Holden's adventures take place in December, starting on "the Saturday of the football game with Saxon Hall" (2). So it's early-to-mid December (Holden says many times that it is "close to Christmas". We don't know the exact date, but that's approximately the time period that his adventures on his own in New York occur.
At the end of the book the time is not specifically noted. We do know, however, that Holden refers to going to another school "next fall" (213), so we can assume that the time that he is in a convalescent hospital (or perhaps a psychiatric ward, as Holden mentions a "psychoanalyst", Ibid) during the following spring or summer. It's possible an entire year has past, but the tone that Holden employs does not imply that that amount of time has elapsed. These are events which have happened in the recent past: within the past few months.
As for his purpose, Holden says at the beginning "If you really want to hear about it...." (1), as if he is talking to someone who does want to know the events that lead up to his illness and (implied) nervous breakdown. We can consider that possibly Holden is talking to a psychotherapist or other kind of doctor. Or, maybe, to a friend, or family member -- but the completeness of the story leads one to think that it is reproduced for analysis, as one might do for a therapist of some kind.

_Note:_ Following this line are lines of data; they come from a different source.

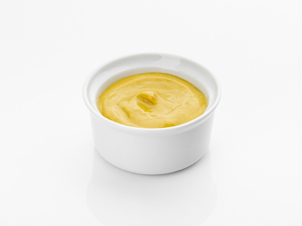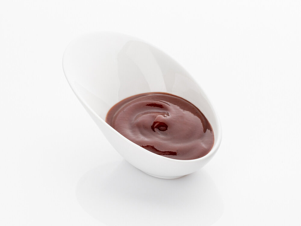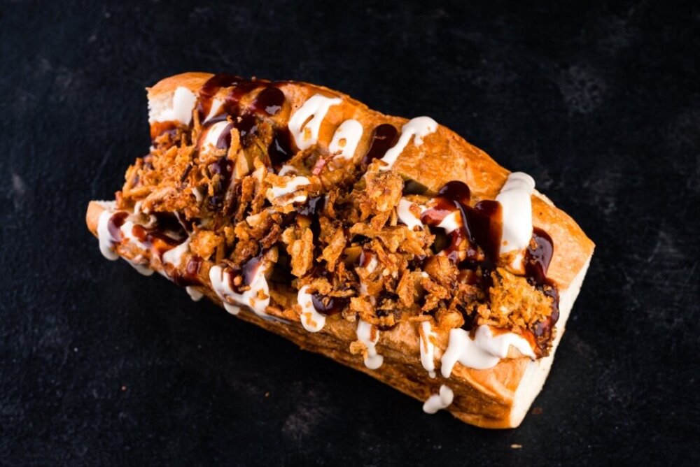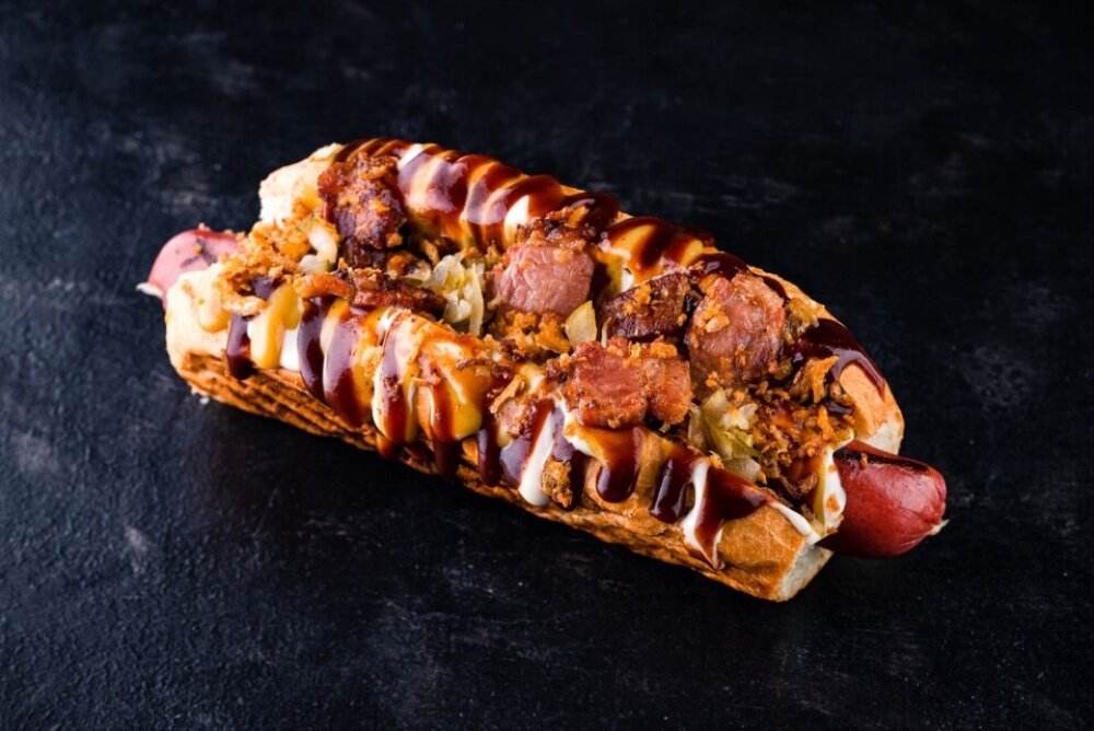 Булочка бриошь, говяжья сосиска, бекон, огурец маринованный, лук жареный хрустящий, соус «Фирменный», соус «Барбекю», горчица «Американская»
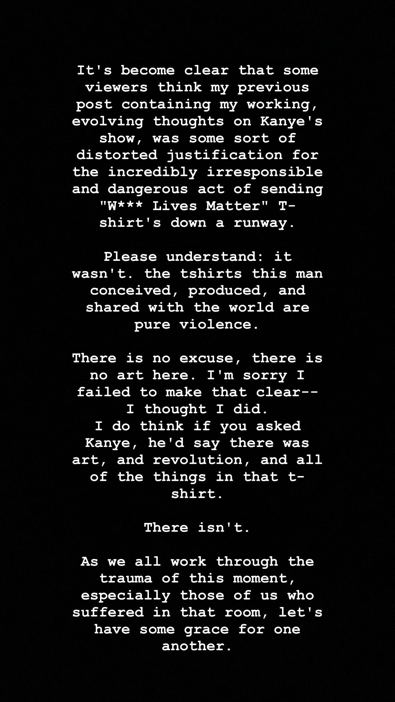 Στη συνέχεια, σε μια σειρά αναρτήσεων, ο Ye επέκρινε την Gabriella Karefa-Johnson, στυλίστρια και συντάκτρια της Vogue, η οποία είχε χαρακτηρίσει το μπλουζάκι του “αδικαιολόγητη συμπεριφορά”.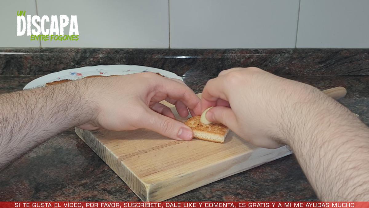2Ahora partimos un diente de ajo por la mitad y lo frotamos sobre el pan tostado.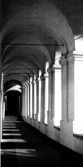IL LOGGIATO APPARTIENE AL COMPLESSO DEL CONVENTO DI S. CHIARA. LA PRESENZA DI RELIGIOSE A PORTO MAURIZIO RISALE AL XIV SECOLO PUR SE SOLTANTO NEL '400 SI ASSISTETTE AL LORO INQUADRAMENTO NEL SISTEMA SPIRITUALE FRANCESCANO. LA CHIESA ATTUALE RISALE PERO' AD UN PROGETTO DEL 1620 DIPENDENTE DA LASCITI TESTAMENTARI DEI FRATELLI BARLA DI PORTO MAURIZIO: I LAVORI FURONO QUINDI CONDOTTI DALL'ARCHITETTO BARTOLOMEO CALISSANO DI CANDEASCO. NEL XVIII SECOLO SI EBBERO ULTERIORI INTERVENTI EDILI (LO SI NOTA DALLE FINESTRE E SOPRATTUTTO DAL PICCOLO CAMPANILE A BASE TRIANGOLARE). LO SPLENDIDO LOGGIATO FU REALIZZATO NEL XVIII SECOLO (SU PROGETTO DELL'ARCHITETTO GREGORIO DE FERRARI CONCLUSO PERO' NEL 1717 -DOPO UN TERRIBILE CROLLO DEL 1713- DA GIACOMO FILIPPO MARVALDI) ALLO SCOPO DI COLLEGARE IL CONVENTO CON LA VECCHIA CINTURA DELLE MURA DI CUI TUTTORA SOPRAVVIVE UN TORRIONE

Of couse, this is novel and not a transcript of therapy sessions between a patient and his doctor. So the "purpose", which is not stated, is author's views about life and, specifically, the pressures put on adolescents. This has been extensively analyzed in the literature written about this book, and there are many valid interpretations. Holden is a voluble critic of all the institutions, customs, and people of his world -- and critical of himself in addition. He lives some of the things he hates the most, such as being "phony" when he admits that he is "the most terrific liar you saw in your life" (16). Obviously, Holden is deeply conflicted, and, possibly, on the verge of being mentally ill. His critique of the world of his time is one of the outsider, but he is part of the elite world of prep schools and fancy apartment houses and families with live-in maids. He is a profound contradiction, which is perhaps a comment on the world of his time (1940s New York) in itself.